The decision


IAC-AH-CO-V1

Upper Tribunal
(Immigration and Asylum Chamber) Appeal Number: pa/00243/2016


THE IMMIGRATION ACTS


Heard at Field house
Decision & Reasons Promulgated
On 4th August 2016
On 2nd September 2016




Before

DEPUTY UPPER TRIBUNAL JUDGE J G MACDONALD


Between

N A I L
(ANONYMITY DIRECTION made)
Appellant

and

THE SECRETARY OF STATE FOR THE HOME DEPARTMENT

Respondent


Representation:
For the Appellant: Mr K Wyn, Legal Representative instructed by Liyon Legal Ltd
For the Respondent: Mr L Tarlow, Senior Home Office Presenting Officer


DECISION AND REASONS
1. The Appellant is a citizen of Sri Lanka whose appeal on asylum and human rights grounds was dismissed by First-tier Tribunal Judge Turquet in a decision promulgated on 20th April 2016. For various reasons given the judge concluded that the Appellant had invented his asylum claim and fabricated events in order to bring himself within the Convention (paragraph 58).
2. Grounds of Appeal to the Upper Tribunal were lodged.

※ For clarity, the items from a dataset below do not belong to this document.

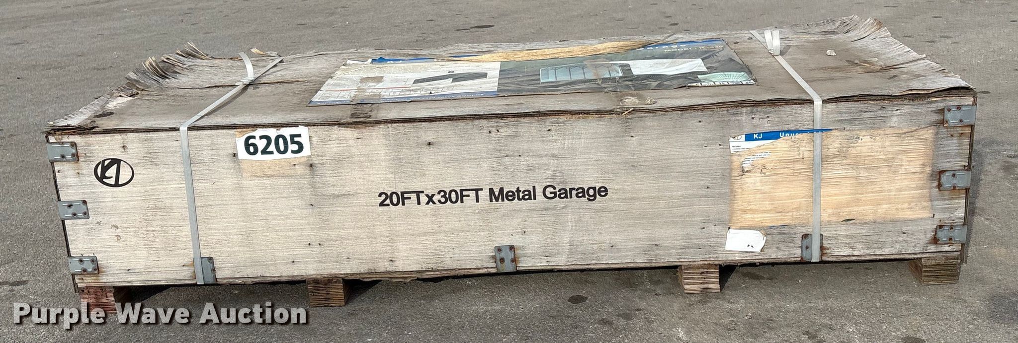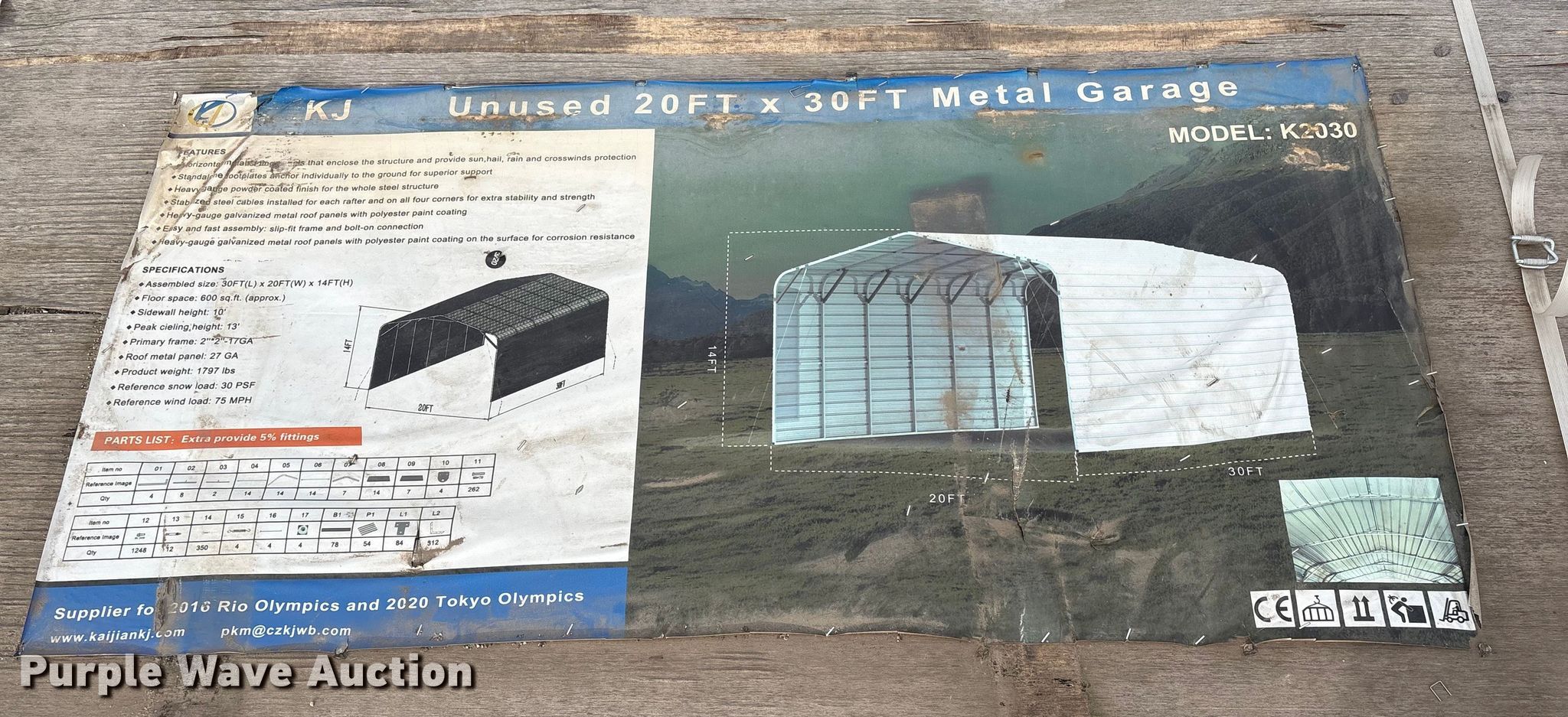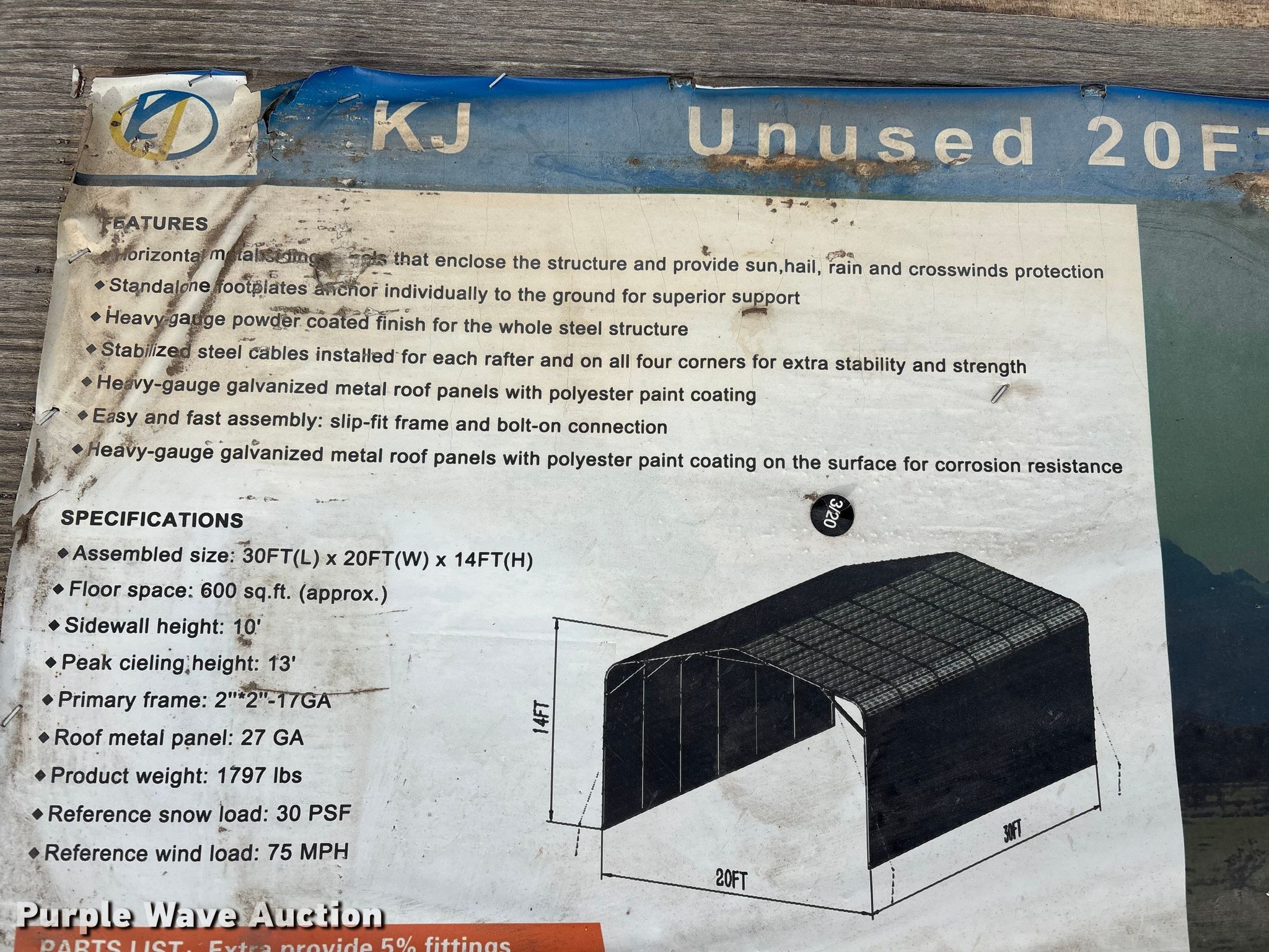 Purple Wave is selling a used Building Materials in Nebraska. This item is a KJ K2030 metal garage with the following: Dimensions: 20' x 30' x 14', Sidewall height: 10', Peak ceiling height: 13', Roof metal: 27 GA, Product weight: 1797lbs, Wind load: 75mph
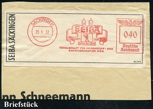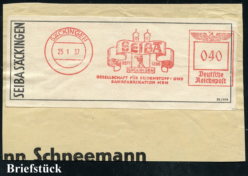 5765 | 14 € | POSTLEITRAUM 7800 (OHNE FREIBURG) : SÄCKINGEN/ SEIBA/ ..GESELLSCHAFT FÜR SEIDENSTOFF- U./ BANDFABRIKATION MBH 1937 (25.1.) AFS Francotyp "Reichsadler" 040 Pf. (Kirchtürme, Trompeter, Band) auf Briefstück (Dü.E-5CEo) | ![]() | |
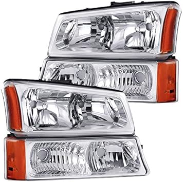 [4-piece set] chrome bezel headlight + front parking turn signal light bumper lamp housing assembly replacement for 2003-2006 chevy avalanche ...
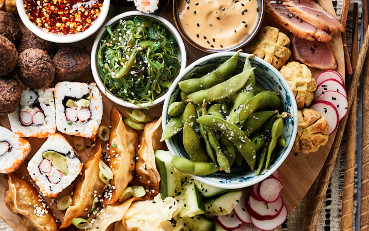 Deze Aziatische borrelplank is een superleuk alternatief voor de standaard Hollandse hapjes op een verjaardag, en weer heel anders dan een Midden-Oosterse borrelplank of Spaanse pintxos. Lekker kleurrijk, vol verschillende smaken en een fijne mix van zelfgemaakt en kant-en-klaar. Hier kun je alle kanten mee op: misschien kies je voor gemak en koop je alles kant-en-klaar, of ga je juist helemaal los en maak je zoveel mogelijk zelf. Net wat je leuk vindt (en hoeveel tijd je hebt).
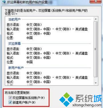 3、在“欢迎屏幕和新的用户账户设置”框中勾选“欢迎屏幕和系统账户”、“新建用户账户”,点击'确定",点击确定,然后重启计算机即可解决。
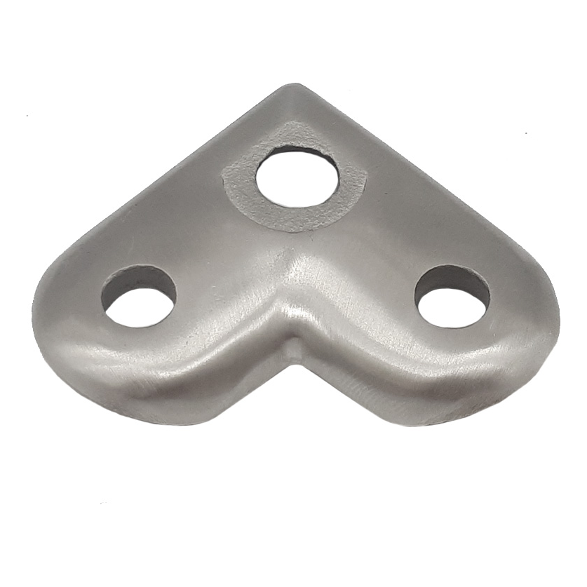 The plate is designed for mounting handrail brackets at corners — where the balustrade run changes direction. Installation is carried out by screwing the plate from above to a flat surface (e.g. post or support column). Three mounting holes ensure secure, three-point fixing and eliminate the risk of element rotation under load.
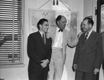 Elbert B. Hanna right, 47, was named manager of Blackstone Hotel. With him is Joe O'Keefe, center, and an unidentified man on the left. Mr. Hanna is wearing a double breasted suit. Mr. O'Keefe is dressed in a seersucker suit with a bow tie. The third man, left, is wearing a dark-colored single-breasted suit. They are standing in front of a world map and a wire reinforced window with a Venetian blind window treatment. (Clipping): "Hanna Named Hotel Manager. Elbert B. Hanna, 47, assistant manager and employee of the Blackstone Hotel for 13 years, Saturday was named manager, succeeding Howard Higby, who resigned Tuesday 'to take a rest' after 15 years at the helm. Hanna started his hotel career 27 years ago at the Binkley Hotel in Sherman. Later he worked for the Hotel Texas here, then Baker Hotel in Dallas and the Detroit-Leland Hotel in Detroit. Assistant managers under Hanna are W. C. Atans and A. D. Rials, who be in charge of the front desk." Published Star-Telegram Eve. Aug. 5, 1944.
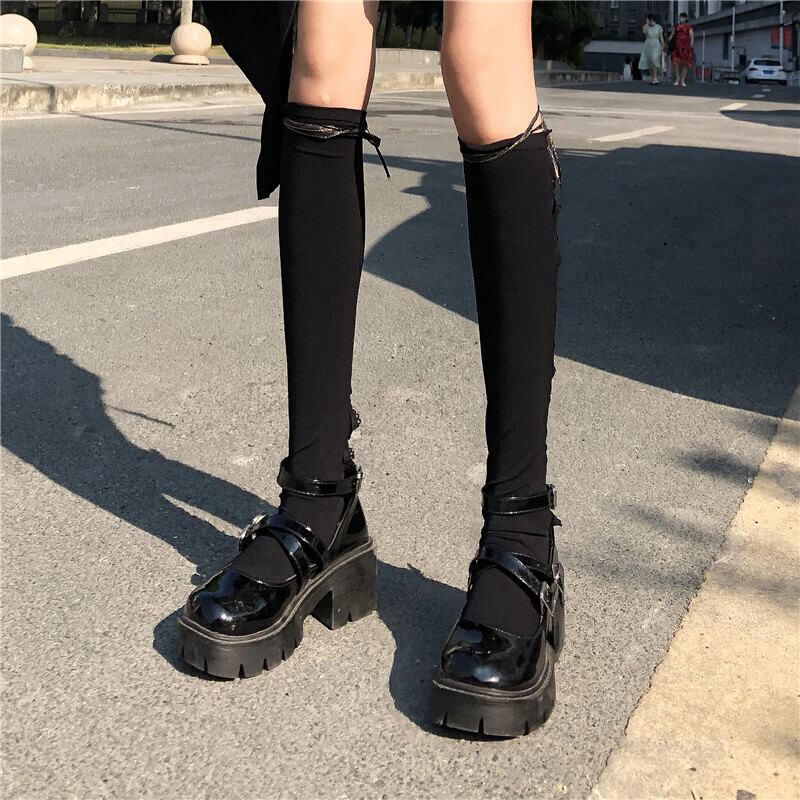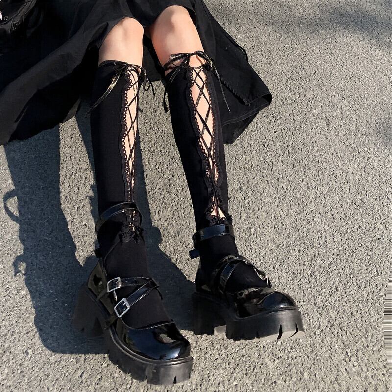 ✞ クロスストラップ ソックス スウィート タイツ ストッキング ✞ゴスロリ SM ミリ 甘ロリ クラロリ 和ロリ エレガント 黒ロリ 姫ロリ 華ロリ BB-BB90963023635
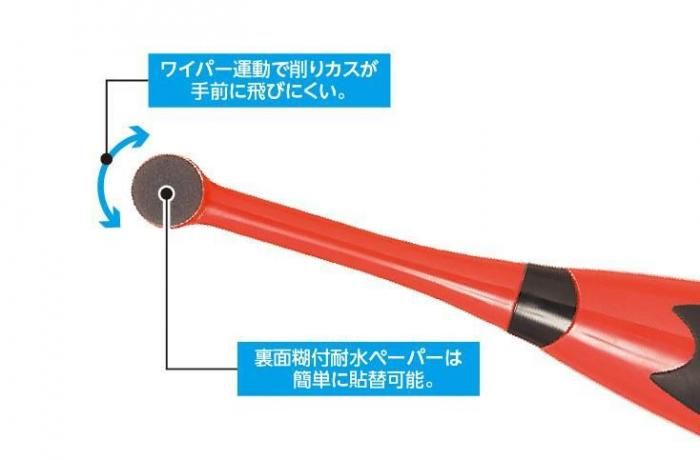 Gツール電動コードレスポリッシャーの上位機種です。付属の耐水ペーパーは、スポンジに貼り付けてあるので、力の入れ方次第で、微妙な削りが可能。曲面部分の作業にも適しています。

In Ground 1 much is made of the manner in which the judge had dealt with the fact that the original summons x three had gone missing. It is said that these summonses were central to the appeal and had they been accepted as authentic then the Appellant would have fallen within one of the risk categories in line with GJ and Others (post-civil war: returnees) Sri Lanka [2013] UKUT 00319. The second ground was that the judge erred in providing opinion on medical matters which she had failed to disclose any expertise on. It is said that she made findings as a medical expert and concluded that the injuries were not inflicted on the Appellant by the authorities in 2009. The judge had unfairly refused the Appellant's application for an adjournment in order to obtain a scarring report.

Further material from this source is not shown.